Prosecutors allege that the legislative favors were part of an ongoing conspiracy. When the Legislature expanded probation’s electronic monitoring program, the wife of powerful Representative Thomas Petrolati, a Democrat from Ludlow, was hired as a program coordinator for the western part of the state, one of only two positions created in that region. Burke’s daughter was given the other job.
Mirasolo’s son Brian, who is DeLeo’s godson, was also given a probation job and eventually became one of the youngest chief probation officers in Massachusetts’ history, allegedly over more qualified candidates. That job is one of the hires that prosecutors have alleged resulted from a bogus hiring process.
“We have always believed there is a direct quid pro quo for these hires,” Assistant US Attorney Fred M. Wyshak Jr. told Young during arguments Monday.
Monday’s hearing was meant to allow lawyers and prosecutors to argue about the charges and how jurors should be instructed on the law.
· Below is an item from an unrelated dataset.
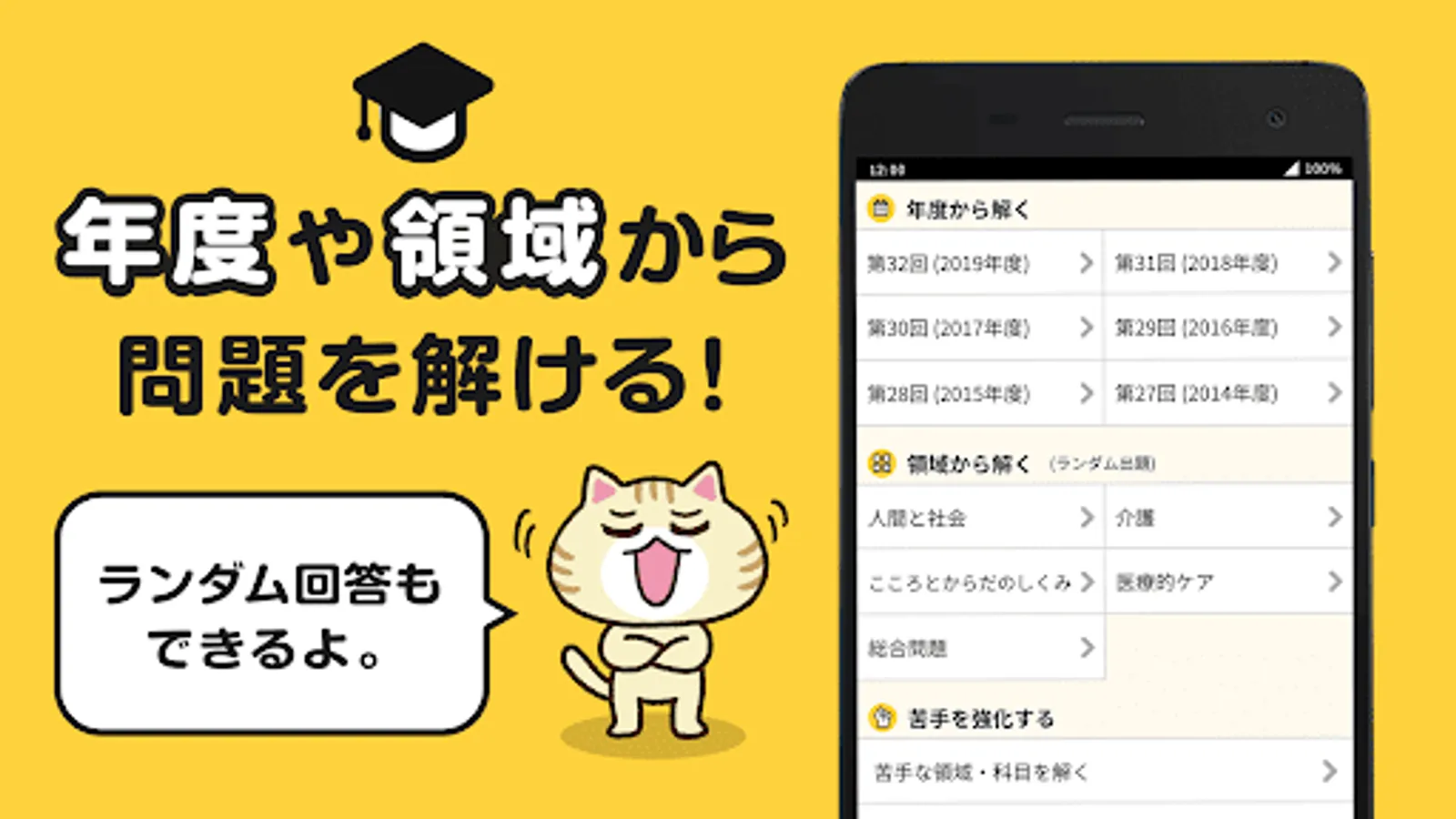 Ume, Konbu, and Mikan, the original characters of "Minna no Nursing Care", appear on the top screen after logging in and on the screen after solving all the problems! It heals the hearts of everyone who is tired from studying.

Defense lawyers, for instance, had argued that Ryan’s testimony about Mirasolo’s statements to him should be excluded as hearsay. But Young agreed to allow the testimony, based on prosecutors’ contention that Mirasolo and DeLeo were unindicted coconspirators.
The judge agreed to let jurors decide on the bribery allegations, against defense objections. But he said he will stress to jurors that patronage alone is not a crime, and that “participation in the political process is encouraged.”
“The government is going to have to prove . . . there was a scheme to defraud,” the judge said. He added that he will not allow prosecutors to argue, “they’re all bad, patronage is bad, let’s send a message that patronage is bad.”